Represented Otto Bock Healthcare, a leading manufacturer and supplier of prosthetics headquartered in Germany, in its acquisition of BionX Medical Technologies, Inc.
Represented Victory Internal Medicine, a Staten Island group practice with 13 physicians, in its acquisition by Mount Sinai Health System. Victory Internal Medicine is now renamed Mount Sinai Doctors Victory Internal Medicine.
Represented Enumeral Biomedical Corp. in closing an alternative public offering, allowing the company to raise $21.5 million in a private placement financing in connection with a reverse merger into a publicly held company.
Represented WANDL, Inc., a software solutions company specializing in advanced network planning, management, design and the optimization of next-generation multi-layer networks, in its sale by reverse triangular merger to Juniper Networks, Inc. (NYSE: JNPR) for approximately $60 million.

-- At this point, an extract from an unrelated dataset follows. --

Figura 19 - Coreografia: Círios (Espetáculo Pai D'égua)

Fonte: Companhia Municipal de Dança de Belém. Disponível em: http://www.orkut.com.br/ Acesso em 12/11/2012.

Represented StoneMor Partners (NYSE: STON), a leading owner/operator of cemeteries and funeral homes in multiple states and Puerto Rico, in its $447.5 million recapitalization transaction, consisting of a $385 million private placement of 9.875% Senior Secured PIK Toggle Notes to various noteholders and concurrent private placement of $62.5 million of liquidation value of Series A Convertible Preferred Units of the Partnership to Axar Capital Management.
Represented Yonder Music Inc. in its receipt of a preferred equity investment of $10 million by Axiata Digital Services Sdn Bhd, one of the largest telecommunications companies in Asia. The transaction provided funding for the launch of a service-tier-bundle of digital music services on smart devices through a commercial licensing agreement with Celcom Mobile Sdn Bhd, one of Axiata's subsidiaries in Malaysia, under which the Yonder digital music application will be made available to more than 13 million Celcom subscribers in Malaysia.

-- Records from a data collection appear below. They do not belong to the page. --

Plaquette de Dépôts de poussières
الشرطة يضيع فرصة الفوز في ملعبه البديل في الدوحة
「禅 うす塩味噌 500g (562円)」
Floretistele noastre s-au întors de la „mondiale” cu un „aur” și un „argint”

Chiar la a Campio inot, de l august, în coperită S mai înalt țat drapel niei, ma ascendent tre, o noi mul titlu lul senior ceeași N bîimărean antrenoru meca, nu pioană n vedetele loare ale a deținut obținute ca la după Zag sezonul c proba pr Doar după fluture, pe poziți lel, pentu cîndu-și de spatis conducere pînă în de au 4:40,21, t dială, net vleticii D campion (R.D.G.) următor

Represented Double Down Asset Management, LLC in its $1.8 million investment in Step Ahead Innovations, LLC, doing business as MindStream, consisting of common and preferred stock.
Represented affiliates of American Energy Partners, LP in a private equity-backed equity investment of approximately $1.7 billion, including a subordinated debt investment of $450 million. The investment proceeds will be used to acquire and develop energy assets.
Represented Armstrong World Industries, Inc. (NYSE: AWI), an international designer and manufacturer of commercial and residential ceiling, wall and suspension system solutions, in obtaining $950 million in credit facilities ($500 million revolver and $450 million term loan).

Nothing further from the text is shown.